Many courts dismiss an action once they order the parties to arbitrate the dispute. And many of these courts do so even if one of the parties requests that the court stay the proceedings pending arbitration.
The Second Circuit recently held that this practice is improper. In Katz v. Cellco Partnership (available here), the court held that the Federal Arbitration Act (“FAA”) requires a court to stay an action pending arbitration—not dismiss it— when “all of the claims in [that] action have been referred to arbitration and a stay [has been] requested.”
Facts of the Case
In Katz, the plaintiff sued on behalf of a putative class, asserting breach of contract and consumer fraud claims. The defendant moved to compel arbitration based on the company’s customer agreement and requested a stay of the proceedings. The plaintiff argued that the arbitration clause was unenforceable and opposed the defendant’s request for a stay in the event that the court compelled arbitration.
The district court granted the defendant’s motion to compel arbitration, but rejected its request to stay the action pending arbitration, and then dismissed the litigation. The Second Circuit held that the district court’s decision to dismiss rather than stay ran counter to the FAA. In reaching this holding, it noted that the Supreme Court has not yet decided this issue, its sister circuits have reached different conclusions, and its own cases were less than clear on the proper approach.
The Second Circuit noted that the plain language, structure, and underlying policy of the FAA all require that a stay be issued, if requested, upon compelling the entire dispute to arbitration. First, the court held that the FAA’s use of the word “shall” makes the issuance of a stay (if requested) mandatory, not discretionary.
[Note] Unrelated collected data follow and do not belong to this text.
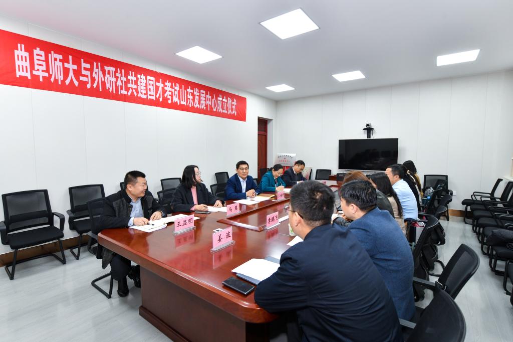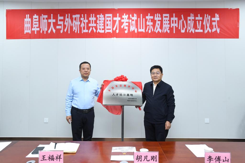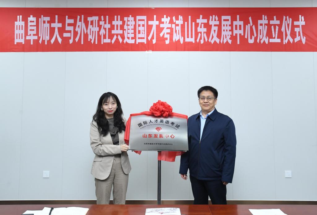 仪式上,胡凡刚副校长与冯涛总经理共同为“国际人才英语考试山东发展中心”揭牌,曲师大教务处处长李傅山与外研社高等营销中心华东大区总经理李洪旺为“WQT.COM玩球通国际人才培养基地”揭牌。两大平台的成立,将为山东省高校国际化人才培养提供重要支撑。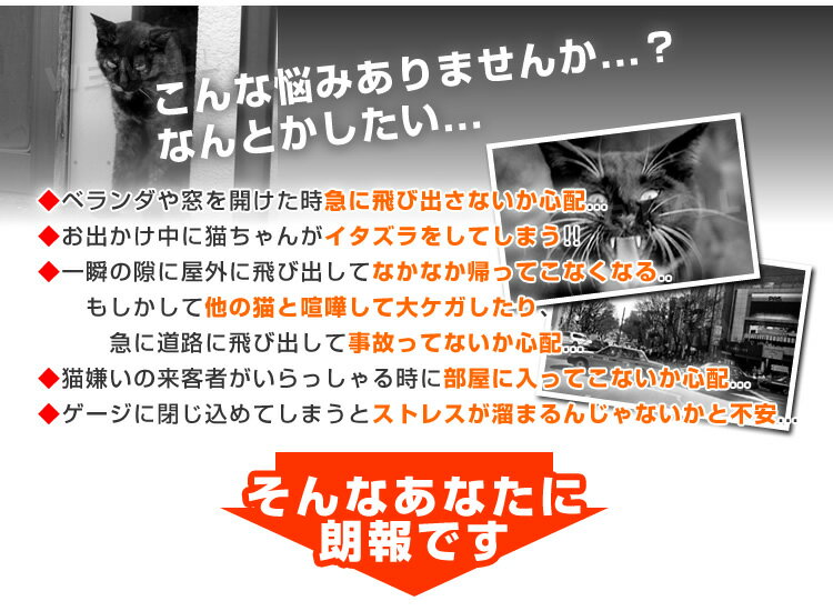 ・生後間もない幼猫にご使用の場合、フェンスの隙間から頭や体が出る恐れがありますので注意してください。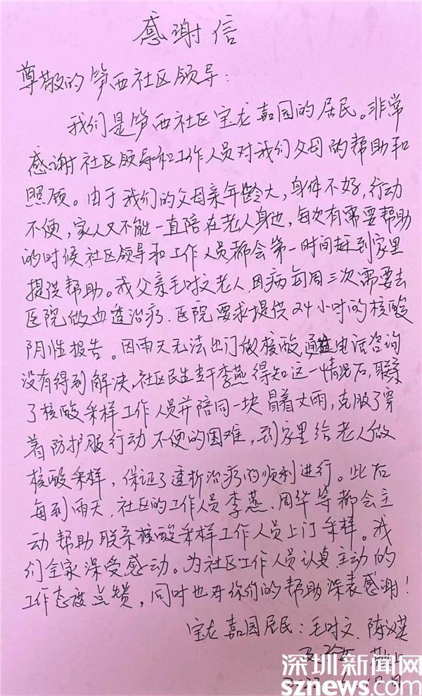 讀特客戶端·深圳新聞網(wǎng)2022年6月13日訊(記者 劉嘉敏 通訊員 李秀甜)近日,羅湖區(qū)筍崗街道筍西社區(qū)寶龍嘉園住戶毛時文的老伴陳漢英阿姨來到筍西社區(qū)工作站,送上了一封手寫的感謝信,感謝社區(qū)提供貼心的上門核酸采樣服務(wù)。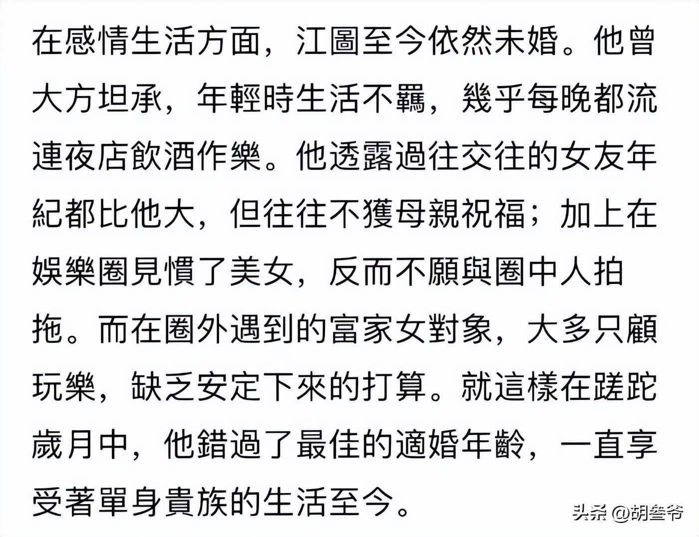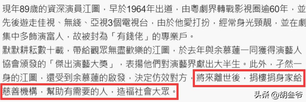 **吃瓜简评:89岁港星江图,裸捐身家却无遗憾**,香港娱乐圈突然失去了一位重要人物——89岁的江图,消息一出,立刻引发网友的热议和同情,江图一生致力于表演艺术,从未结婚无子,却在晚年选择裸捐财产回馈社会,这种无私的精神让人动容,也让人唏嘘。,### **一生演技,绘就经典**,江图,原名江文强,1953年出生于江西泰和,他一生都与表演紧紧相连,60多年来在香港影视圈摸爬滚打,留下了无数经典角色,初入香港电影圈时,他以艺名“江涛”亮相,尝试过正派、反派、小人物等多种角色,后来他改名“江图”,正式开启了长达半个多世纪的荧屏生涯。,1971年,江图加入亚洲电视的前身——丽的电视,成为亚视的忠诚老将之一,在亚视的那些年,江图演出了众多经典角色,尤其是武侠剧《书剑恩仇录》中的“杨逍”和古龙作品《陆小凤》中的“陆小凤”,让他一举成名,他的戏路宽广,从武侠到现代剧,从反派到正派,几乎尝试过所有类型,江图的演技深受观众喜爱,他的反派角色尤其让人印象深刻,眼神阴狠、嘴角算计,寓言无言。,江图曾说过:“一部剧就像一台戏,主角是红花,配角就是绿叶,少了谁都不行。”这份敬业精神让他在圈内享有极高的口碑,即使在晚年,他依然保持着对表演的热爱,2019年在电影《叔・叔》中饰演“超仔”一角,收获了观众的好评,这是他人生最后一部荧幕作品,也是他为观众留下的最后一份礼物。,### **一生单身,无人倾诉**,江图的一生却因感情而遗憾,他一辈子未婚无子,晚年靠干亲陪伴度过,年轻时的他性格浪荡不羁,常在夜店酒吧游荡,交往的女朋友大多比他年长,有位金店老板娘看上他,主动提出结婚,却被母亲坚决反对,或许是和母亲赌气,也或许是没遇到真正想共度一生的人,江图就此单身一辈子。,尽管如此,江图的生活并非一帆风顺,他认了干儿子江晖,两人同住一屋,情同亲生父子,江晖特别贴心,不仅照顾他的饮食起居,还帮他打理穿搭,江图也尽自己的人脉,帮干儿子在演艺圈铺路,寄望着能互相依靠,安稳度过余生。,然而命运的打击总是无情,2017年平安夜,江晖因肝癌病逝,年仅53岁,这一事件对江图打击巨大,他曾悲痛地说:“人生最悲情的事,就是失去最亲爱的人,这种痛苦没人能懂。”尽管江晖临终前托付表哥帮忙照顾,但表哥不能常住,只能偶尔探望,好在命运没有一直亏待他,后来江图认识了干女儿郑家宝,郑家宝做粤剧化妆和推广工作,心地善良,有空就过来陪他喝茶聊天,帮他处理生活琐事,让他晚年不再孤单。,### **最后的选择:裸捐身家**,上个月,江图做出了一个令人难忘的决定——他已经写好遗嘱,要把全部财产裸捐回馈社会,一分都不留给自己,身后事托付给古天乐、田启文、卓慧敏三人处理,他说,这一决定受到了同行余慕莲的影响,看到对方看淡生死、捐身家做慈善,觉得特别有意义,自己也想为社会尽一份力。,很多人好奇,江图一辈子拍戏,到底攒下多少身家?据港媒估算,他名下有一套位于香港佐敦的80平米房产,地段优越,市值就超过千万,再加上他一辈子收藏的珠宝、古董、服饰,总价值相当可观,这些财产,都是他大半辈子打拼的积蓄,可他说捐就捐,没有丝毫犹豫。,89岁的人生,没有遗憾,只有体面与通透,他选择了光鲜地老去,一生精致,对生活的讲究,一直保持到生命最后一刻,他的离开,是香港娱乐圈的损失,但他留下的经典与精神,永远不朽。,### **江图,永远是观众心中的“绿叶”**,江图的一生充满了戏剧性,但最让人难忘的是他的无私与大度,他从未抱怨命运,从未沉溺于遗憾,而是选择用行动回馈社会,用善良结束人生,他的裸捐行为,让人看到了一个真正的大人者的风范。,江图的故事,不仅是娱乐圈的传奇,更是关于一位艺人的坚韧与担当,他的经典角色、敬业精神、无私善举,都将永远被记在观众的心中,无论是“杨逍”、“陆小凤”,还是“超仔”,每一个角色,都承载着江图对表演的热爱与追求。,我们对江图先生深深地致敬!愿您在天堂安好,不再受病痛折磨,愿您继续光鲜亮丽,继续做自己热爱的事,您的一生,虽然无人倾诉,却在观众的心中留下了永恒的印记。
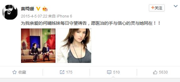 2015年,何晴不幸患病,黄绮珊发微博祝福何晴早日康复,有网友在下面跟帖回复另一位网友:何晴不是脑癌,是脑瘤,手术很成功!我见了晴姐,恢复的不错,气色也好多了,都会好起来的。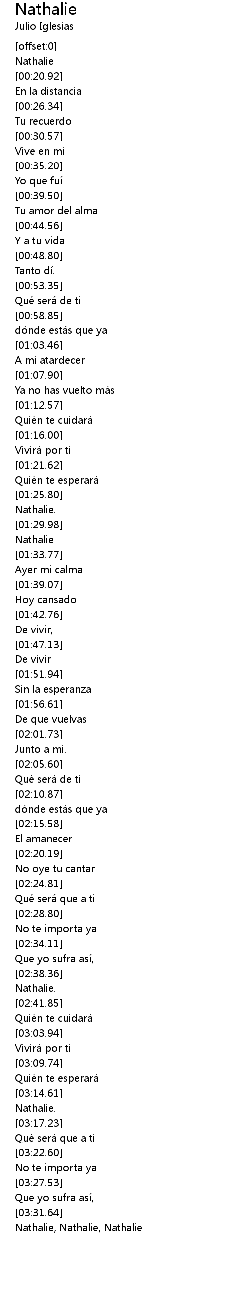 | [03:32.46] | Nathalie, Nathalie, Nathalie |

Second, the court said this reading is consistent with the FAA’s structure because it allows orders hostile to arbitration to be immediately appealable (such as an order denying a motion to compel), while not providing the same immediate appeal option for pro-arbitration orders. And third, the court said this reading comports with the FAA’s pro-arbitration policy because it allows the parties to arbitrate the dispute without the uncertainty and expense that would be caused by an immediate appeal of the dismissal.
While the Katz decision resolves the issue for now within the Second Circuit, the uncertain state of the law means that the subject may soon be ripe for Supreme Court review.